PROBLEM DETAILS.
For each entry below, copy the text exactly and leave out any picture.

--- START ---

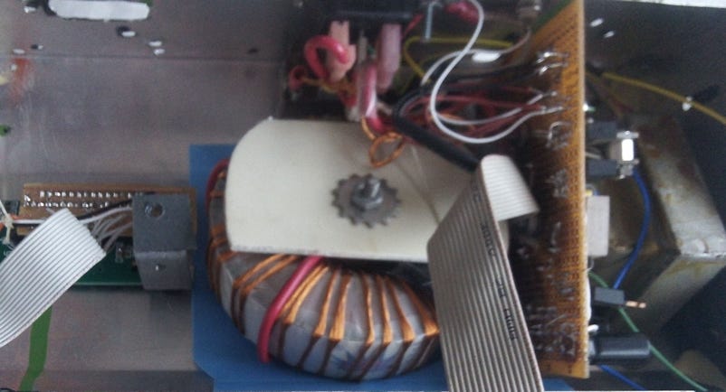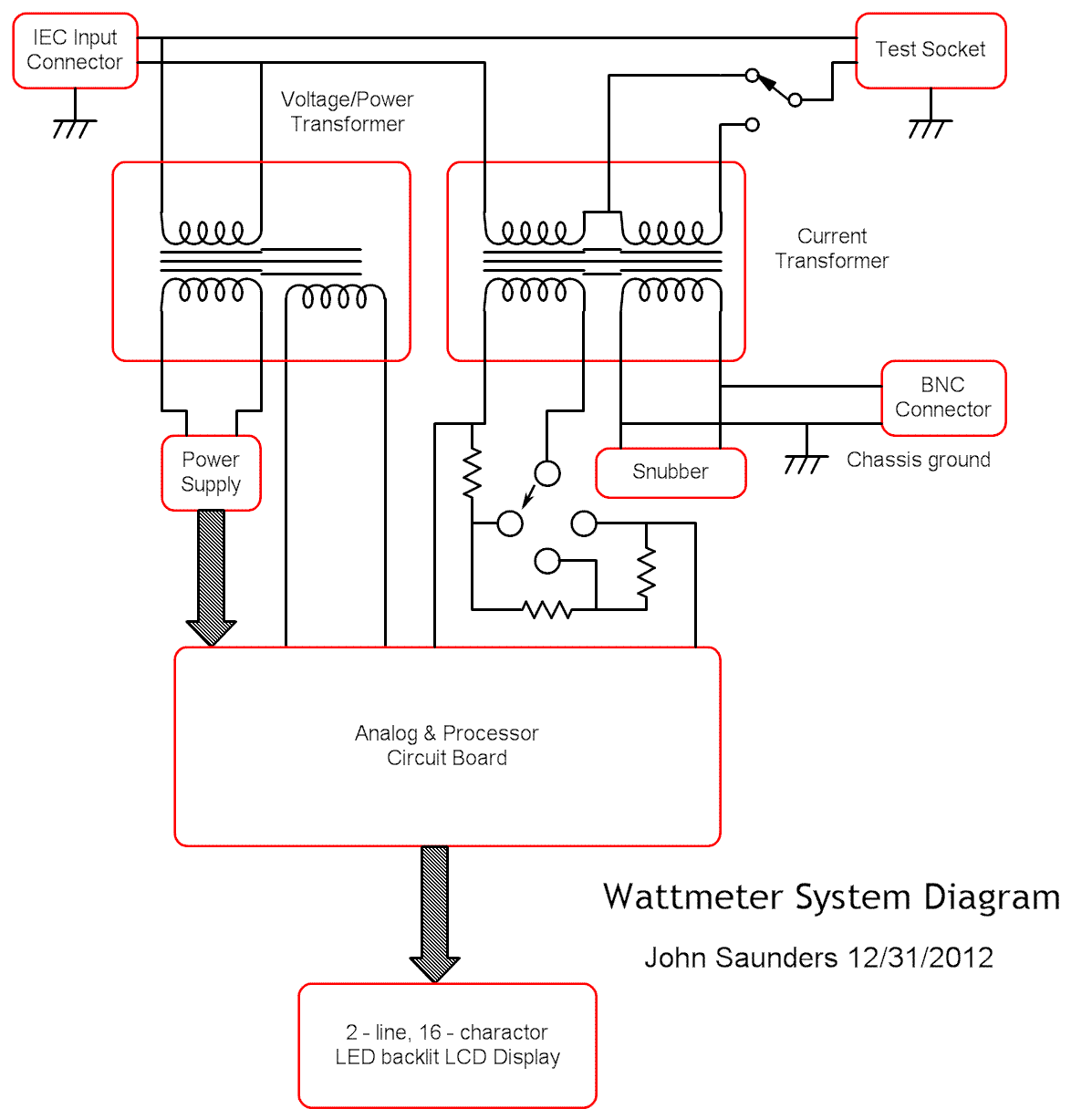 The voltage transformer contains one secondary winding for power and a separate one for the voltage waveform. The current transformer is a large (24 oz) toroid intended as a bench isolation transformer. The original primary winding of 1000 turns is used for measurements, the other is used for monitoring. Two primaries were added of heavy-gage wire, one of 4 and the other of 36 turns. A switch selects decade multiplication.
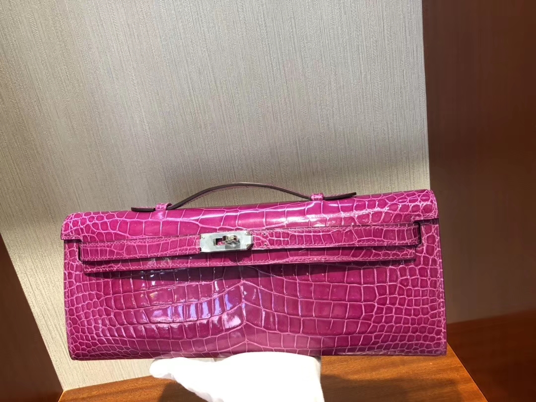 Porosus 湾鳄 Wallet 钱包 皮料 Hermès(爱马仕)Kelly cut 31cm Porosus shiny 亮面澳洲湾鳄鳄鱼 J5 天方夜谭粉紫 银扣 手拿包 晚宴包 现货 2020年3月31日 0
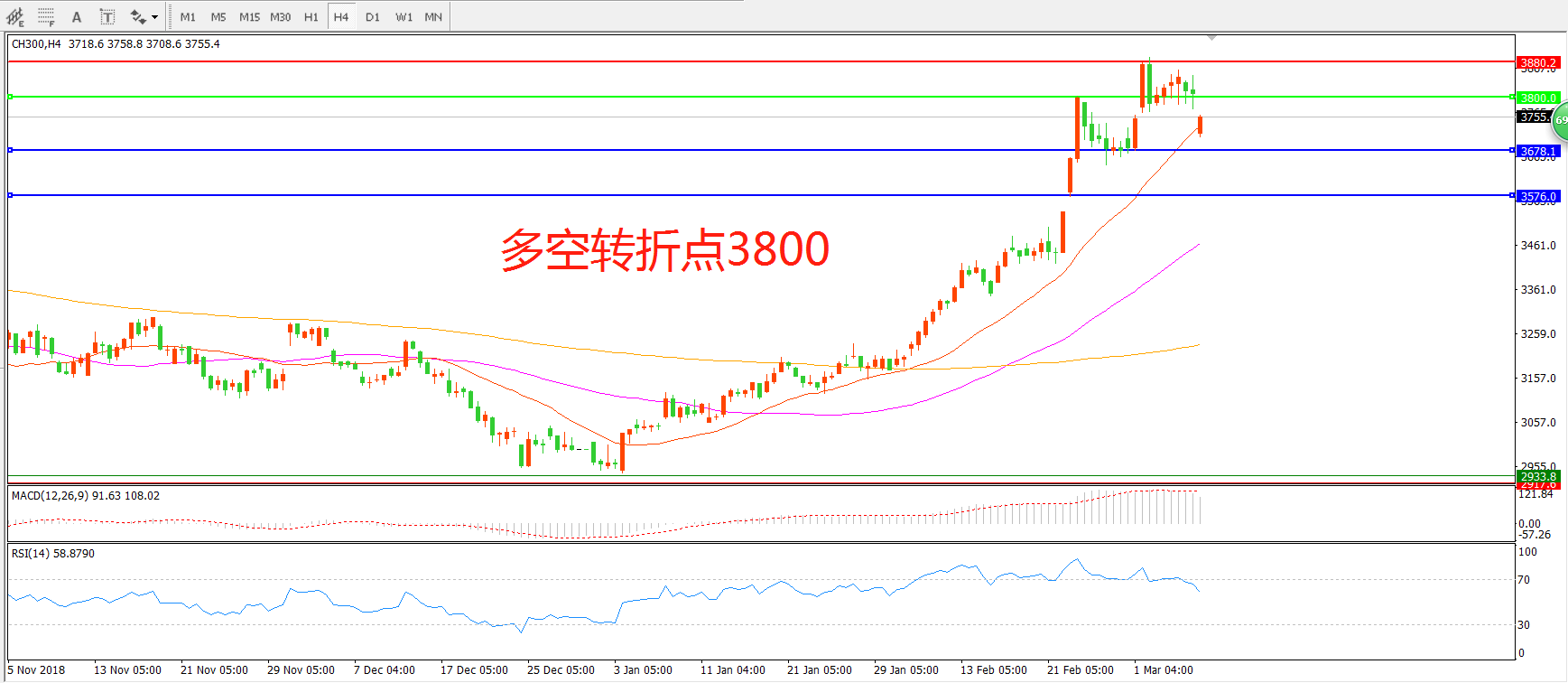 4小时图看,CHINA300中华指数大幅低开,跌破前期支撑3800一线,均线系统依然呈现多头排列, MACD红柱走平,RSIZ指标拐头,预计日内小幅下跌为主。
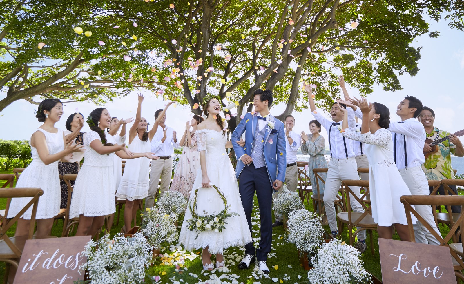 木洩れ日が降り注ぐオーシャンビューツリーウエディング
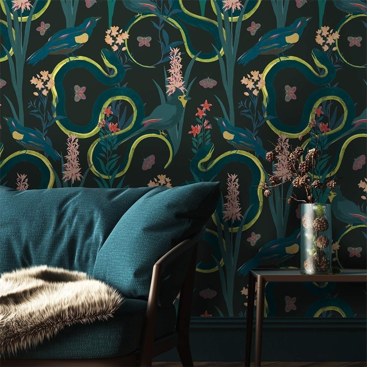 Tenue de Ville rend hommage à un chapitre de la Genèse dans la Bible à travers le motif du panneau Eve. Il arbore des fleurs et des oiseaux posés sur des serpents. Ces scènes présentées sur un fond uni adoptent une palette de couleurs naturelles avec des tons adoucis, neutres et prononcés. Cette création offre un design à la fois fantaisiste et classique.
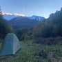 Ein Aufstehen mit Panoramablick auf Campolungo, Campo Tencia und Barone. Doch unser Rastplatz befand sich noch im Schatten, indessen die Berge bereits von der Sonne geküsst wurden. Die nächsten Stunden würden wir noch im Schatten verweilen, ehe uns die wärmende Sonne begrüssen würde.
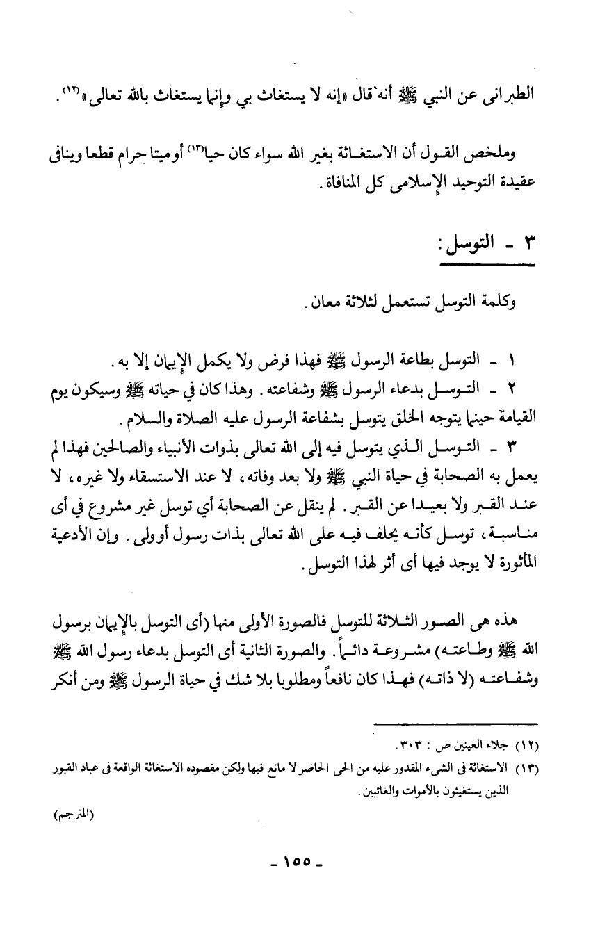 2 الاستغاثة في الشيء المقدور عليه من الحي الحاضر لا مانع فيها، ولكن مقصوده الاستغاثة الواقعة في عباد القبور الذين يستغيثون بالأموات والغائبين. (المترجم) .
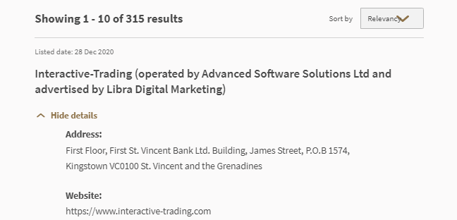 "निवेशक अलर्ट सूची निवेशक अलर्ट सूची उन लोगों की सूची प्रदान करती है, जो मास को उपलब्ध जानकारी के आधार पर, i) गलत तरीके से लाइसेंस प्राप्त होने या किसी अन्य तरीके से मास द्वारा अधिकृत या विनियमित होने के रूप में माना जा सकता है या हो सकता है; ii) बनाया है व्यापारिक न्यास या सामूहिक निवेश योजना में यूनिटों का प्रस्ताव जिसे मास द्वारा प्राधिकृत, मान्यता प्राप्त या पंजीकृत होने के रूप में गलत तरीके से समझा जा सकता है या माना जा सकता है; iii) निवेश का प्रस्ताव दिया है जिसे गलत तरीके से माना जा सकता है या हो सकता है मास में दर्ज या पंजीकृत किसी दस्तावेज़ के साथ या उसके साथ। यह सूची संपूर्ण नहीं है और प्रकाशन के समय मास को जो ज्ञात था, उस पर आधारित है। सूचीबद्ध तिथि: 28 दिसंबर 2020 Interactive-trading (द्वारा संचालित किया गया Advanced Software Solutions Ltd और लिब्रा डिजिटल मार्केटिंग द्वारा विज्ञापित) विवरण छुपाएं पता: पहली मंजिल, पहली सेंट। विन्सेंट बैंक लिमिटेड बिल्डिंग, जेम्स स्ट्रीट, पीओबी 1574, किंग्सटाउन वीसी0100 सेंट। विन्सेंट और ग्रेनेडाइंस वेबसाइट: https://www. Interactive-trading .com

--- END ---

COMPLETED EXERCISE.
 The voltage transformer contains one secondary winding for power and a separate one for the voltage waveform. The current transformer is a large (24 oz) toroid intended as a bench isolation transformer. The original primary winding of 1000 turns is used for measurements, the other is used for monitoring. Two primaries were added of heavy-gage wire, one of 4 and the other of 36 turns. A switch selects decade multiplication.
 Porosus 湾鳄 Wallet 钱包 皮料 Hermès(爱马仕)Kelly cut 31cm Porosus shiny 亮面澳洲湾鳄鳄鱼 J5 天方夜谭粉紫 银扣 手拿包 晚宴包 现货 2020年3月31日 0
 4小时图看,CHINA300中华指数大幅低开,跌破前期支撑3800一线,均线系统依然呈现多头排列, MACD红柱走平,RSIZ指标拐头,预计日内小幅下跌为主。
 木洩れ日が降り注ぐオーシャンビューツリーウエディング
 Tenue de Ville rend hommage à un chapitre de la Genèse dans la Bible à travers le motif du panneau Eve. Il arbore des fleurs et des oiseaux posés sur des serpents. Ces scènes présentées sur un fond uni adoptent une palette de couleurs naturelles avec des tons adoucis, neutres et prononcés. Cette création offre un design à la fois fantaisiste et classique.
 Ein Aufstehen mit Panoramablick auf Campolungo, Campo Tencia und Barone. Doch unser Rastplatz befand sich noch im Schatten, indessen die Berge bereits von der Sonne geküsst wurden. Die nächsten Stunden würden wir noch im Schatten verweilen, ehe uns die wärmende Sonne begrüssen würde.
 2 الاستغاثة في الشيء المقدور عليه من الحي الحاضر لا مانع فيها، ولكن مقصوده الاستغاثة الواقعة في عباد القبور الذين يستغيثون بالأموات والغائبين. (المترجم) .
 "निवेशक अलर्ट सूची निवेशक अलर्ट सूची उन लोगों की सूची प्रदान करती है, जो मास को उपलब्ध जानकारी के आधार पर, i) गलत तरीके से लाइसेंस प्राप्त होने या किसी अन्य तरीके से मास द्वारा अधिकृत या विनियमित होने के रूप में माना जा सकता है या हो सकता है; ii) बनाया है व्यापारिक न्यास या सामूहिक निवेश योजना में यूनिटों का प्रस्ताव जिसे मास द्वारा प्राधिकृत, मान्यता प्राप्त या पंजीकृत होने के रूप में गलत तरीके से समझा जा सकता है या माना जा सकता है; iii) निवेश का प्रस्ताव दिया है जिसे गलत तरीके से माना जा सकता है या हो सकता है मास में दर्ज या पंजीकृत किसी दस्तावेज़ के साथ या उसके साथ। यह सूची संपूर्ण नहीं है और प्रकाशन के समय मास को जो ज्ञात था, उस पर आधारित है। सूचीबद्ध तिथि: 28 दिसंबर 2020 Interactive-trading (द्वारा संचालित किया गया Advanced Software Solutions Ltd और लिब्रा डिजिटल मार्केटिंग द्वारा विज्ञापित) विवरण छुपाएं पता: पहली मंजिल, पहली सेंट। विन्सेंट बैंक लिमिटेड बिल्डिंग, जेम्स स्ट्रीट, पीओबी 1574, किंग्सटाउन वीसी0100 सेंट। विन्सेंट और ग्रेनेडाइंस वेबसाइट: https://www. Interactive-trading .com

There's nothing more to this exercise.